(please right-click on the image to see options to view a larger image in a different tab)
The Crosscut Metadata Model (C2M2) is a flexible metadata standard for describing experimental resources in biomedicine and related fields. A complete C2M2 submission, also called an "instance" or a "datapackage", is a zipped folder containing multiple tab-delimited files (TSVs) representing metadata records along with a JSON schema. To read more about datapackages, skip to the Frictionless Data Packages section.
Each TSV file is a data table containing various data records (rows) and their values for different fields (columns).

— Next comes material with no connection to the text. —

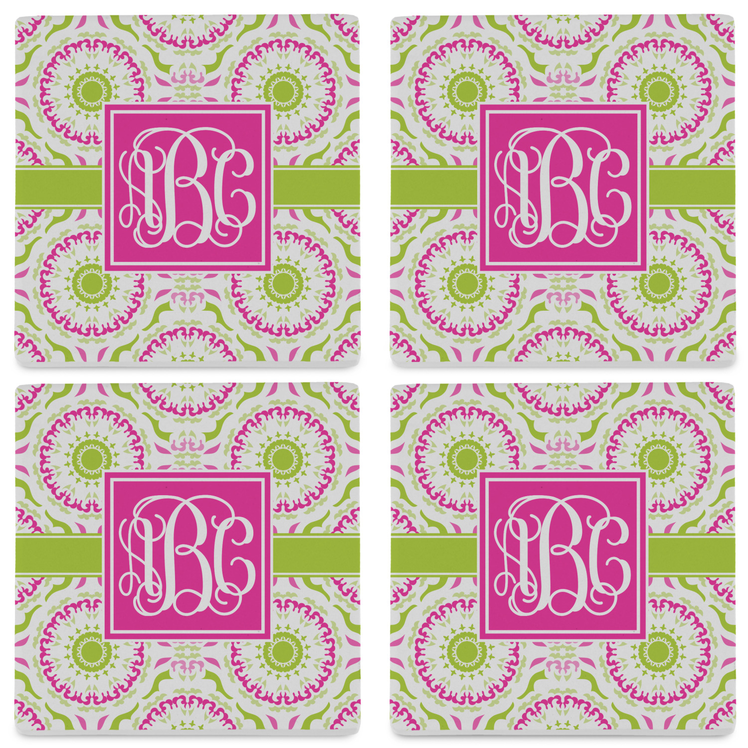 This design has a beautiful suzani floral pattern for the background. The colors in the background are white, hot pink, and lime green. These colors look super cute together. There is a lime green ribbon with a hot pink frame on top. Inside the frame is where your personalization goes. Put text or your initials for a monogram.

Entity tables describe various types of data objects, while association tables describe the relationships between different entities.
The cfde-c2m2 repository includes a CLI helper for preparing, validating, and submitting your C2M2 submission.

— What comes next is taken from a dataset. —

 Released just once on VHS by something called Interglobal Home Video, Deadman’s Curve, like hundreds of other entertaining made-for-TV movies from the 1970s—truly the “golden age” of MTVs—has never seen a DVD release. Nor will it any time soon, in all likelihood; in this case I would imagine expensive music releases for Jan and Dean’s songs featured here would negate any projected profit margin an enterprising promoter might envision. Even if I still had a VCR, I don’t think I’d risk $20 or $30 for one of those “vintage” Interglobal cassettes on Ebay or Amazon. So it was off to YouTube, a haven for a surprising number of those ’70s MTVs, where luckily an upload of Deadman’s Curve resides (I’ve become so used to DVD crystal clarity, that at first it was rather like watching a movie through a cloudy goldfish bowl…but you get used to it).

C2M2 instances are also known as "datapackages" based on the Data Package meta-specification from Frictionless Data.
From the original C2M2 documentation:
The Data Package meta-specification is a platform-agnostic toolkit for defining format and content requirements for files so that automatic validation can be performed on those files, just as a database management system stores definitions for database tables and automatically validates incoming data based on those definitions. Using this toolkit, the C2M2 JSON Schema specification defines foreign-key relationships between metadata fields (TSV columns), rules governing missing data, required content types and formats for particular fields, and other similar database management constraints. These architectural rules help to guarantee the internal structural integrity of each C2M2 submission, while also serving as a baseline standard to create compatibility across multiple submissions received from different DCCs.

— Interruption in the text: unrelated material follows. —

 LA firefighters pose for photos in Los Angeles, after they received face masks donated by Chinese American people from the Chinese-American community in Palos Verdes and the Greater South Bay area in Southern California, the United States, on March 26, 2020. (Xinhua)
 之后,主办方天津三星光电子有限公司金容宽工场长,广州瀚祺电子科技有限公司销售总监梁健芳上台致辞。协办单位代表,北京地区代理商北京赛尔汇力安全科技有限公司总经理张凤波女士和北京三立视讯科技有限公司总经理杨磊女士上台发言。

In order to standardize and integrate information across DCCs, there must be a system of assigning unambiguous identifiers to individual DCC concepts and resources. These are the "C2M2 IDs", consisting of a id_namespace
prefix and local_id
suffix. Additionally, the C2M2 also allows individual resources to be assigned a persistent_id
.
From the original C2M2 documentation:
Optional
persistent_id
identifiers are meant to be stable enough to be scientifically cited, and to provide for further investigation by accessing related resolver services. To be used as a C2M2persistent_id
, an ID
- will represent an explicit commitment by the managing DCC that the attachment of the ID to the resource it represents is permanent and final
- must be a format-compliant URI or a compact identifier, where the protocol (the "scheme" or "prefix") specified in the ID is registered with at least one of the following (see the given lists for examples of URIs and compact identifiers)
- the IANA (list of registered schemes)
- scheme used must be assigned either "Permanent" or "Provisional" status
- Identifiers.org (list of registered prefixes)
- N2T (Name-To-Thing) (list of registered prefixes)
- protocols not appearing in the above registries but explicitly approved by the CFDE-CC. Currently, this list is limited to one protocol, namely drs:// URIs identifying GA4GH Data Repository Service resources.
- if representing a file, an ID used as a
persistent_id
cannot be a direct-download URL for that file: it must instead be an identifier permanently attached to the file and only indirectly resolvable (through the scheme or prefix specified within the ID) to the file itself
Sourced from the CFDE-CC Documentation Wiki
All of the tables in a C2M2 datapackage are inter-linked via foreign key relationships, as shown in the following diagram of the complete C2M2 system.
(please right-click on the image to see options to view a larger image in a different tab)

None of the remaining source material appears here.